Kevin Kearns

WORKSPACE-June 2010

Kevin Kearns is a horticulturist and the director of the Seedling Program at the Morrison Center in Scarborough. The program employs twenty adults with developmental disabilities in two state-of-the-art buildings known as “the happiest greenhouses in Maine.” Plants are for sale to the public Monday–Friday, 8:30 a.m.–3:30 p.m.

 

This is the “tropical orchid” area in the conservatory house. Kearns focuses on growing poinsettias, geraniums, and orchids to keep work and sales consistent through the year. Each worker has his or her own barcoded stickers, so that when a plant they’ve potted sells, they receive the profits.

Kevin Kearns has two degrees in horticulture. He is a “plant geek” and an orchid enthusiast. He refuses to be called an expert for good reason: there are twice as many species of orchids as there are of birds, and four times as many as of mammals.

The greenhouse has many rare plants, in part because donations are accepted. Kearns recently took in hundreds of plants from an elderly orchid collector, including specimens from the 60s and 70s. A few years ago, the greenhouse attracted the attention of another collector: an orchid thief (who was caught).

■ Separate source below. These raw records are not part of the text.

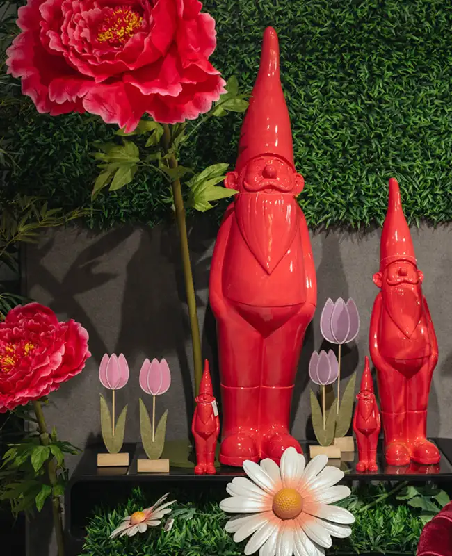 Statuina di design a forma di gnomo da giardino, realizzata in ceramica smaltata color rosso. Perfetta per aggiungere un tocco fiabesco e giocoso ai tuoi allestimenti. Disponibile in diversi colori e dimensioni.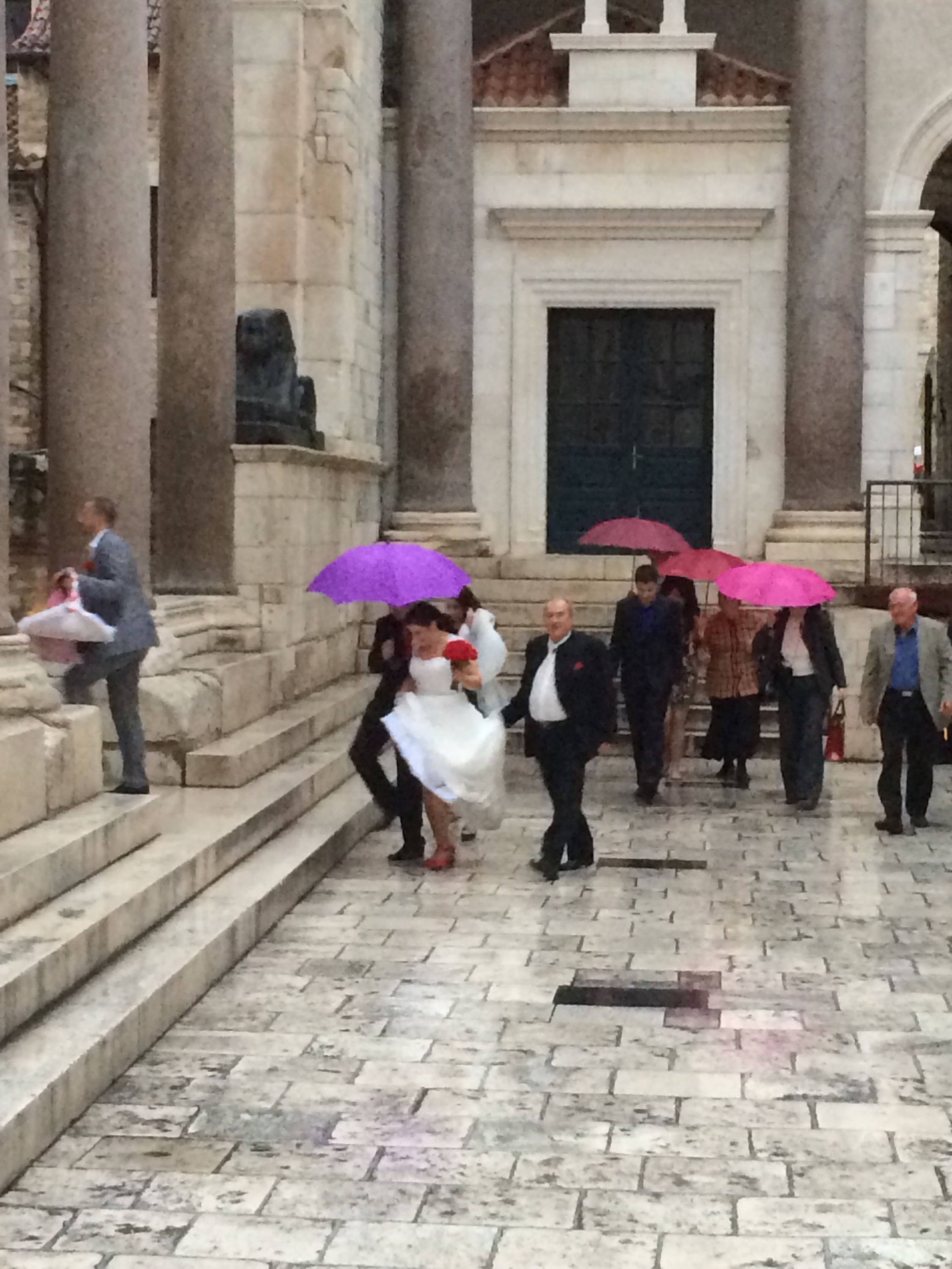 The ancient stones of the main cathedral square could not have envisaged modern weddings and contrivances such as the umbrella.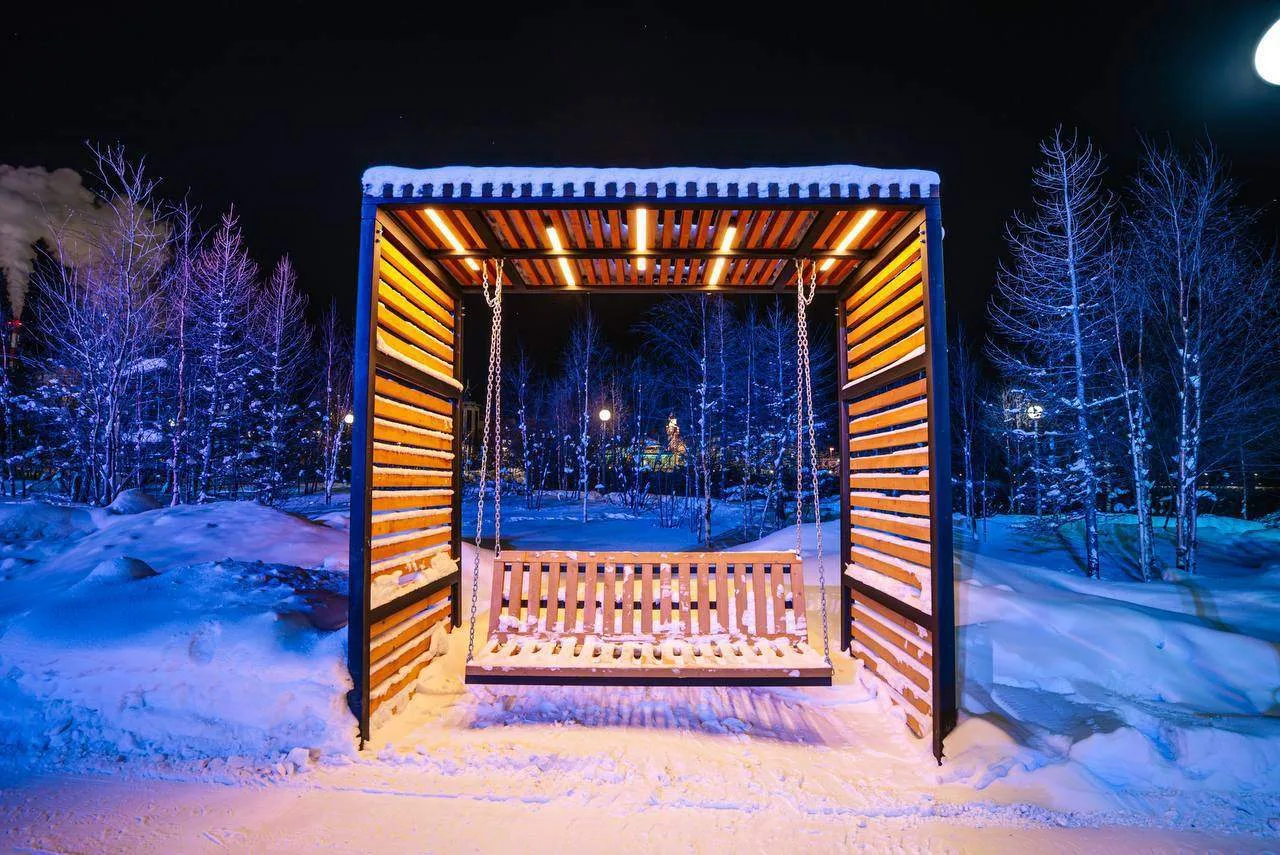 Новая архитектурная подсветка у скульптуры преобразила пространство. Летом здесь можно будет ещё и на качелях покачаться.

Horticulture therapy developed in the West around 1600, after poor hospital patients who worked off their bills by doing garden chores recovered more quickly than other patients. “Everyone has a disability and everyone benefits from knowing how to grow a geranium,” Kearns says. “There is no such thing as a human being without problems.”

Kearns buys ladybugs at $22 a pint. “Because of the health of the individuals here, my bosses are all for trying the safe, fun option over toxic products, even if it costs more. Using pesticides only creates superbugs, but aphids will never develop an immunity to being eaten.”